Understanding how MD simulation works under the hood isn’t just academic — it determines which settings you choose, what can go wrong, and how to interpret your results. This article explains every core component clearly, without assuming a physics background.

The core simulation loop

At its heart, an MD simulation is a loop — a calculation that runs millions of times. Each pass through the loop represents one timestep of physical time. Here is what happens in every iteration:

  1. Calculate the force on every atom from every neighboring atom using the force field
  2. Use that force to compute the new velocity and position of each atom using Newton’s second law
  3. Save the new coordinates to the trajectory file at the specified output frequency
  4. Advance the simulation clock by one timestep and repeat

For a protein system of 100,000 atoms simulated for 100 nanoseconds at a 2-femtosecond timestep, this loop runs 50 million times. The entire trajectory — every saved snapshot — is the raw data you’ll analyze. Everything else in MD simulation setup is in service of making this loop run correctly, stably, and in conditions that represent real biology.

Force fields: the rulebook for atomic interactions

A force field is the set of mathematical equations and parameters that describes how atoms in the system interact with each other. Given the positions of all atoms, it computes the potential energy of the system — and the force on each atom is the negative gradient of that energy with respect to position. Atoms move to lower their potential energy, just as a ball rolls downhill.

Force field energy terms fall into two categories: bonded and non-bonded.

Bonded terms
Interactions within connected atoms
Describe energy changes as bonds stretch and compress, bond angles bend, and dihedral angles rotate. These terms keep covalent geometry correct — bonds at their equilibrium lengths, angles near their optimal values.
Bond stretch · Angle bend · Dihedral torsion · Improper torsion
Non-bonded terms
Interactions between non-connected atoms
Describe electrostatic interactions (attraction between opposite charges, repulsion between like charges) and van der Waals interactions (short-range attraction at optimal distance, steep repulsion at close range). These dominate binding free energies.
Coulomb electrostatics · Lennard-Jones (van der Waals)

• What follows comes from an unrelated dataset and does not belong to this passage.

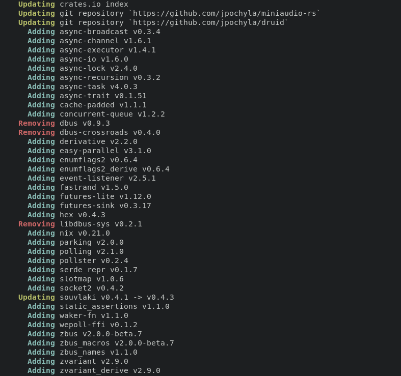 cargo updates all dependencies excludingsouvlakiwhich in the latest version adds a stupid amount of useless dependencies🔄 This issue represents a GitHub Pull Request. It cannot be merged through Gitea due to API limitations.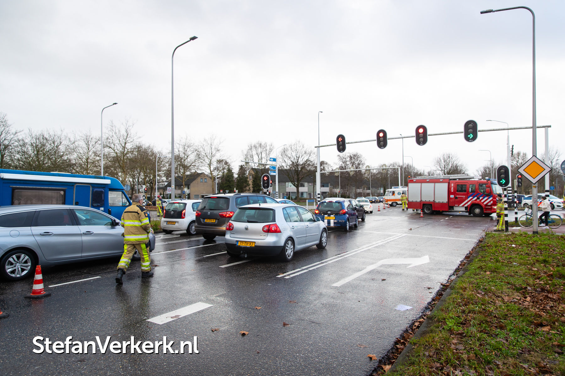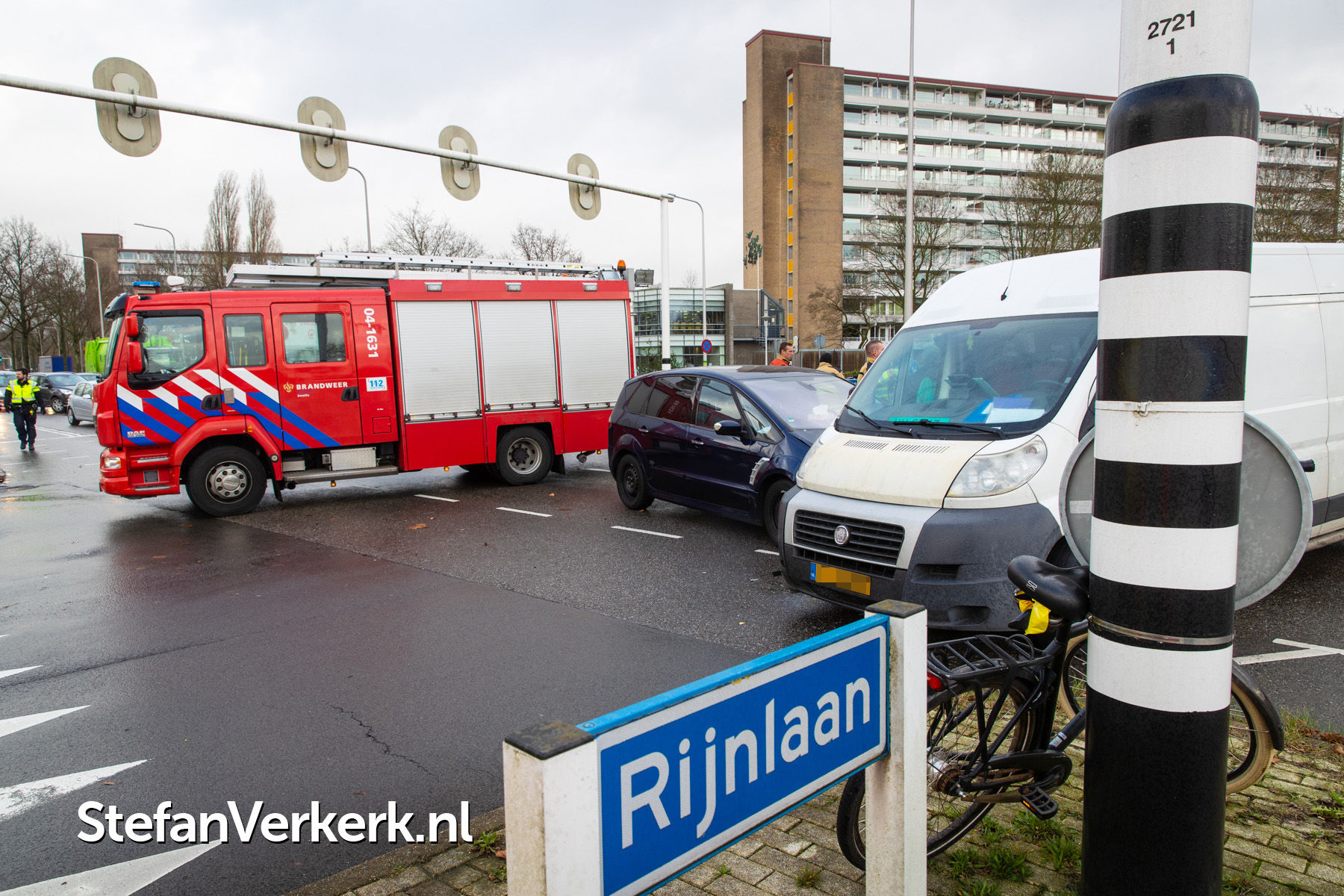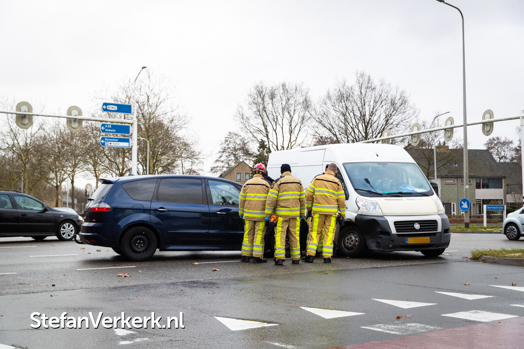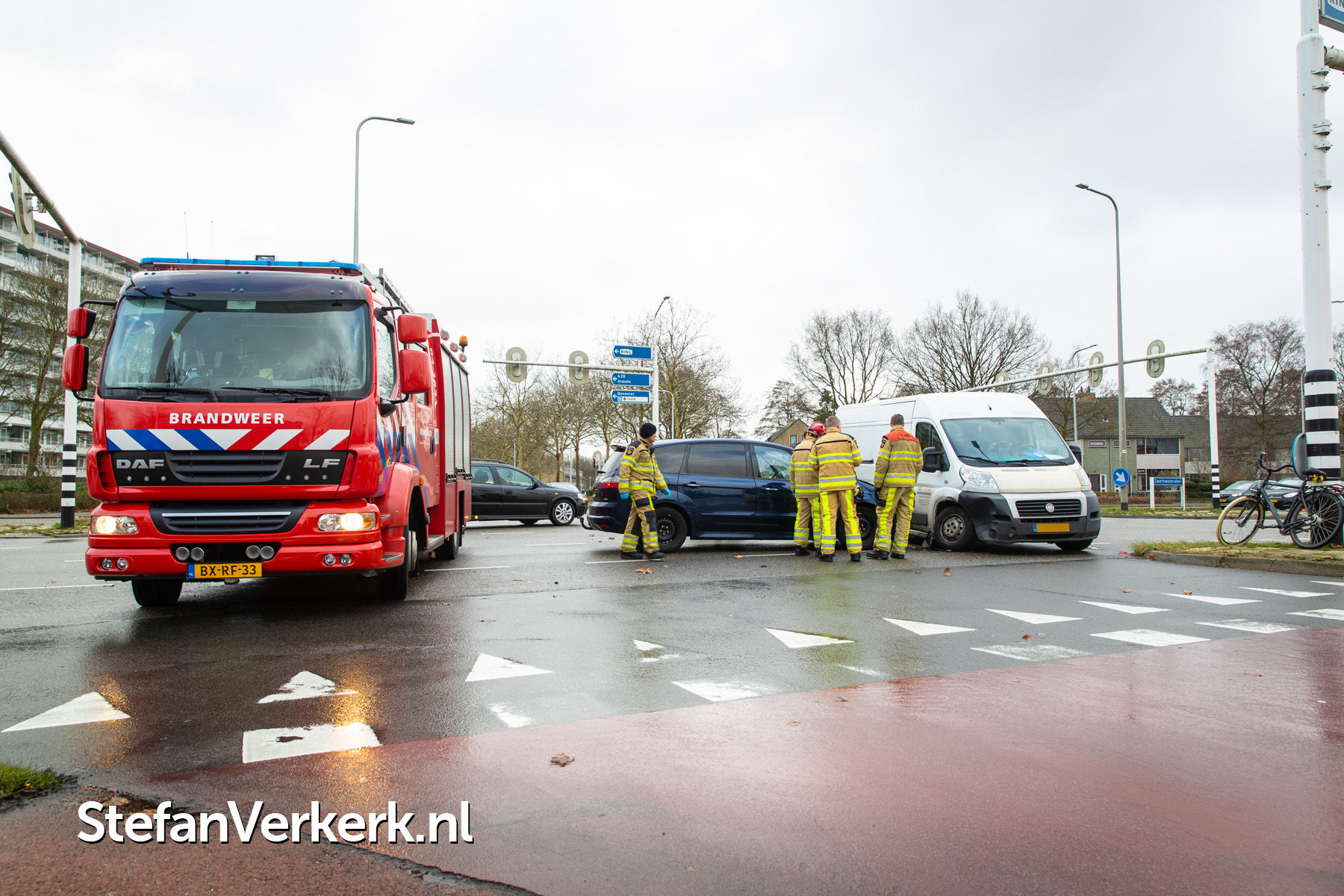 Foto's: Ongeval auto-bedrijfsbus Zwartewaterallee - Rijnlaan Zwolle

The major biomolecular force fields — AMBER, CHARMM, GROMOS, and OPLS-AA — all use this same general framework but differ in their parameterization: the specific values for equilibrium bond lengths, force constants, partial charges, and van der Waals radii. These parameters are derived from a combination of quantum mechanical calculations and fitting to experimental data. No force field is perfect, and the choice of force field is one of the most consequential decisions in setting up a simulation.

Force field and water model must match
Every force field is designed to work with a specific water model. AMBER force fields are typically paired with TIP3P water; CHARMM force fields with TIP3P or CHARMM-specific TIP3P variants. Using a mismatched combination — say, CHARMM36 protein parameters with AMBER-parameterized water — introduces systematic errors that are difficult to detect but can meaningfully affect your results.

Newton’s second law: turning forces into motion

Once forces are calculated, MD uses Newton’s second law of motion to determine how each atom moves. The relationship is straightforward:

F = m · a
F
Force
Calculated by the force field from current atomic positions (units: kJ/mol/nm)
m
Mass
Atomic mass — heavier atoms accelerate more slowly than lighter ones
a
Acceleration
Change in velocity per unit time — used to update position at the next timestep

From the acceleration, the integrator algorithm (usually the leap-frog or Verlet scheme) calculates the new velocity and then the new position for each atom. This is purely classical mechanics — MD does not account for quantum effects like zero-point energy, tunneling, or electronic structure. For the overwhelming majority of structural biology questions this is an entirely adequate approximation, but it’s a fundamental limitation to keep in mind.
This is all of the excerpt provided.